TRY IT
Repeat the entries below exactly as they appear, with no pictures.

Stored records
====================
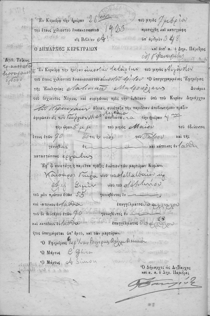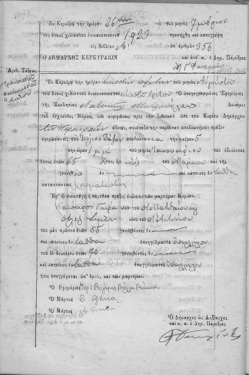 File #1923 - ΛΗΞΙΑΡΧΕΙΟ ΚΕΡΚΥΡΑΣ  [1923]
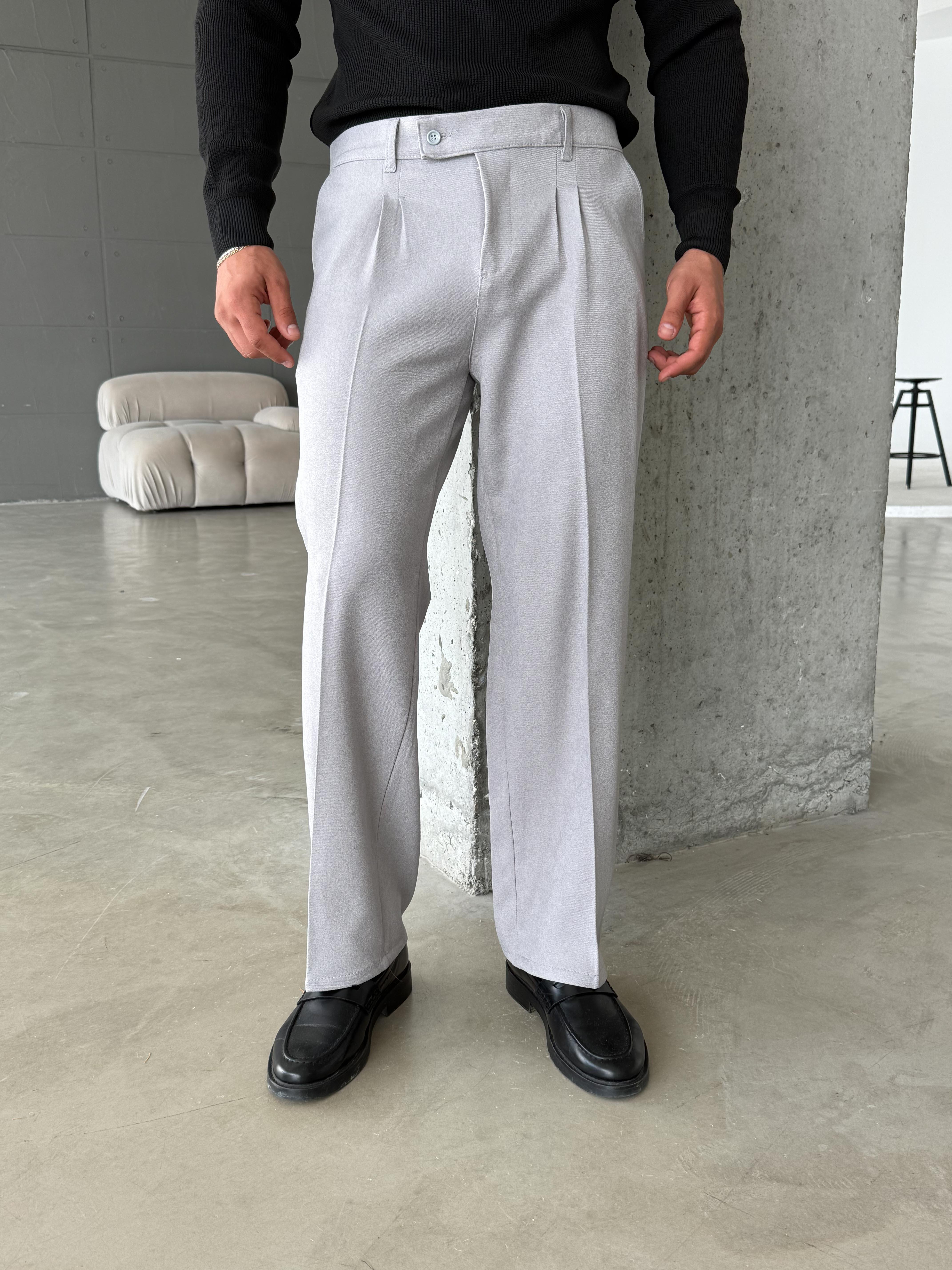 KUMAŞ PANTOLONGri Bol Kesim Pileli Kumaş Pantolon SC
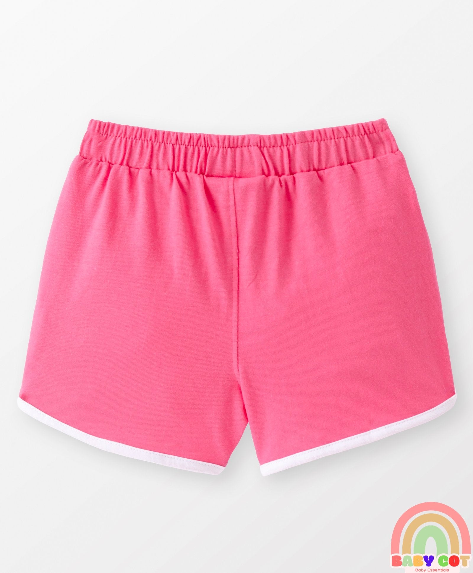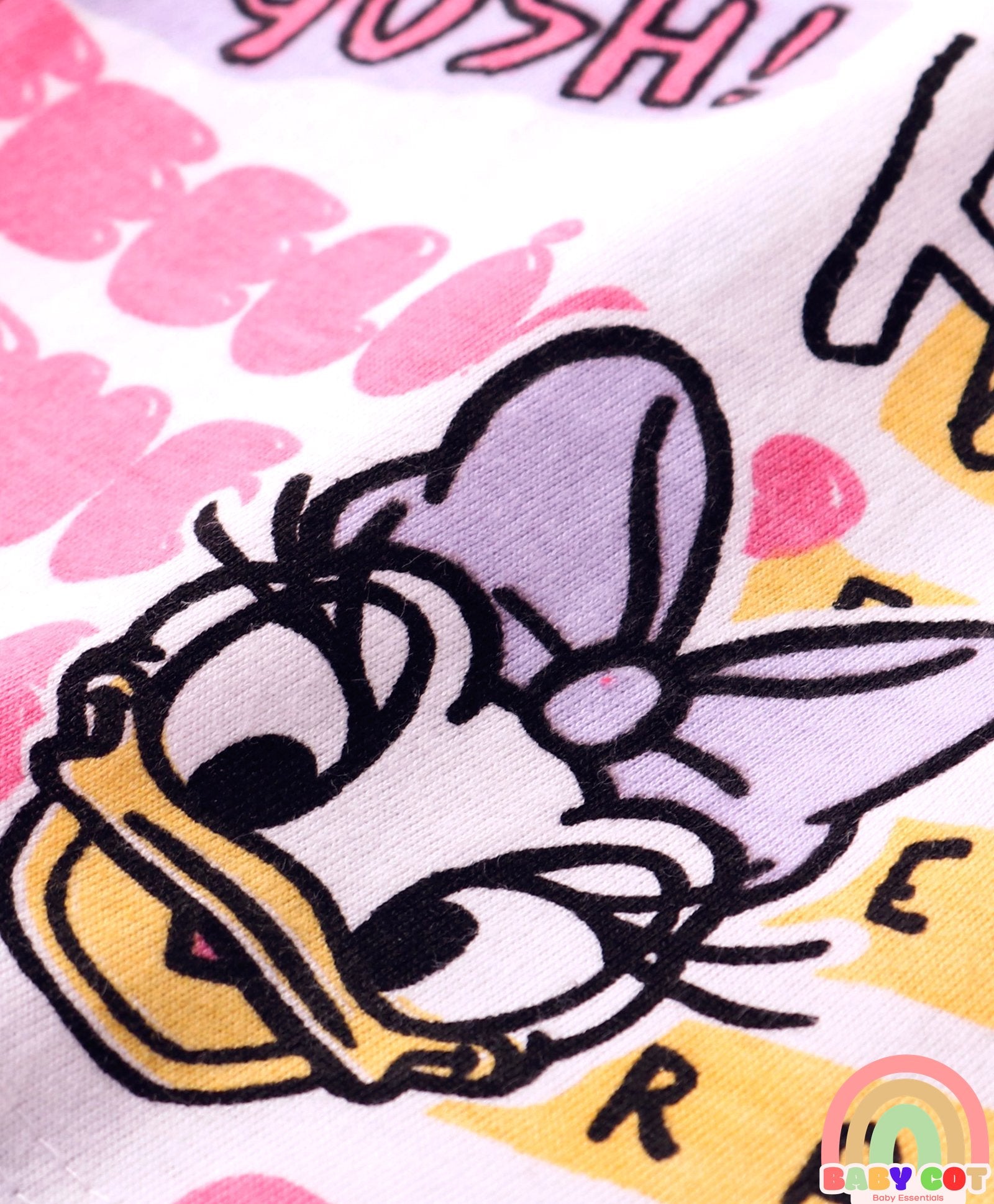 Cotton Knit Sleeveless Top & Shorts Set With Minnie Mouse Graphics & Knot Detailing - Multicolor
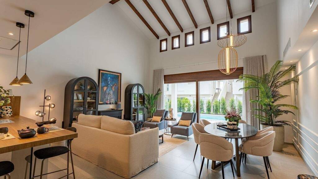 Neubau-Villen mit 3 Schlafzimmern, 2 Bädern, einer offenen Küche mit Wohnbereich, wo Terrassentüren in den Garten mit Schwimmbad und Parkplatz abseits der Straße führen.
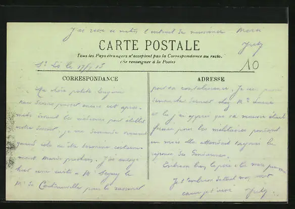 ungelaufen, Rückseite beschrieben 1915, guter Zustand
====================
OUTPUT OF THE TASK
 File #1923 - ΛΗΞΙΑΡΧΕΙΟ ΚΕΡΚΥΡΑΣ  [1923]
 KUMAŞ PANTOLONGri Bol Kesim Pileli Kumaş Pantolon SC
 Cotton Knit Sleeveless Top & Shorts Set With Minnie Mouse Graphics & Knot Detailing - Multicolor
 Neubau-Villen mit 3 Schlafzimmern, 2 Bädern, einer offenen Küche mit Wohnbereich, wo Terrassentüren in den Garten mit Schwimmbad und Parkplatz abseits der Straße führen.
 ungelaufen, Rückseite beschrieben 1915, guter Zustand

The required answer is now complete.